За сильно накачанным молодым человеком с длинной бородой, в серой матовой рубашке с коротким рукавом, с фиолетовым галстуком, в черных брюках со стрелками, стоят еще двадцать пять человек в разной одежде, разного происхождения, пола, роста, веса, возраста и расы.
Двадцать пять человек в разной одежде, разного происхождения, пола, роста, веса, возраста и расы стоят, говорят и наблюдают за обездвиженным женским телом в драповом пальто, с раскинутыми руками и ногами, с перекошенной на правый бок шеей, с кровавой лужей под головой, в одном ботинке.
— Привет, Леш. Что случилось?
— Да чего, блин, упала.
— Как упала?
— Да я не знаю как. Я тоже тут недавно стою. Но говорят — уже давно лежит.
— А что с ней?
— Говорят, плохо стало и упала.
— А скорую вызвали?
— Наверно.
— Так она жива?
— Наверно… сказали, дышит вроде. К ней Серега из эксплуатации подходил. Он бывший лекарь. Сказал, что грудь шевелиться, значит дышит.
— Пипец какой-то. А давно скорую вызвали?
— Давно уже. Уже вторую ждем. Первая сразу же уехала. Они же, прикинь, придурки, на маршрутке приехали с чемоданом одним на двоих. Без носилок, без ничего, нормально? Им даже давление ей нечем было мерить. Прикинь?
— Как так?
— Ну! Теперь другую детскую ждем.
— А почему детскую?
— У нас на районе других нет, оказывается, скорых. Я тоже об этом раньше не знал.

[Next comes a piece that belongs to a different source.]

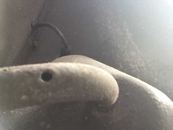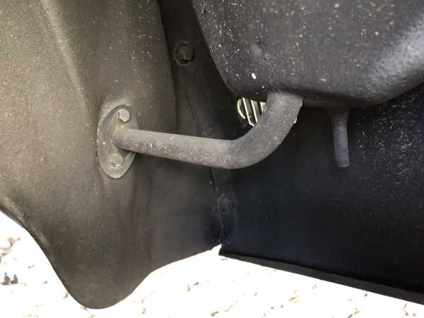 Außerdem wird das Röhrchen Karosserieseitig am Seitenteil mit 2 M6 Schrauben befestigt. Diese Befestigung erfolgt unten kurz über der Stoßstangenaufnahme, dort ist auch eine entsprechende Ausprägung im Blech (eine plane Auflagefläche).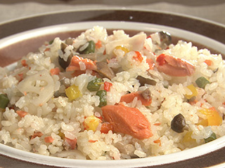 生臭みのないピラフに仕上げるために、塩鮭は皮を除き、熱湯をかけるのがポイント。

Вот теперь знаю. Поэтому если что — вот так вот, как эта женщина будем всеми тут валяться.
— Пипец! А что с ней, неизвестно вообще?
— Говорят, тромб оторвался. Не дошла до рабочего места. А при падении расшибла себе затылок об кафель.
— Блин, так, может, ей помочь?
— Не, не надо. Врачи сказали ничего без них не делать и ничего не трогать.
— Понятно.
— Ты иди, чего стоять? Я постою еще, скорую подожду. Тебе сообщу потом, как чего тут. Ок?
— Ага. Представляешь, Леш, я сейчас перехожу дорогу, ну, которая от метро идет к нашему офису…
— Ну?
— Короче, я стою, жду, когда все машины на перекрестке проедут, а у нас тут, ты сам знаешь, какой дебильный перекресток, без светофоров, без зебры...
— Ну?
— Ну меня Наконечников берет и со всей силы под колеса толкает. Нормально?
— И-и?
— Я рухнула прямо на проезжую часть перед какими-то старыми «жигулями», как полная дура. Пипец, я испугалась.
— Да, тоже, блин, история. Чё это он?
— Мне кажется, он неравнодушен ко мне.
— Думаешь?
— Ну а зачем он тогда постоянно каждый день ко мне в кабинет приходит, трется возле меня, трогает?
— Мож, ему договоры от тебя нужны, которые ты все никак не согласовываешь ему по полгода?
— Не знаю… Не думаю… Навряд ли… Просто он так еще всегда смотрит на меня странно… Ладно, я в кабинет к нам пойду, а то уже время. Попозже приду.
— Наташка ругаться будет?
— Ага.
— Правда, что ли, она ругается на вас?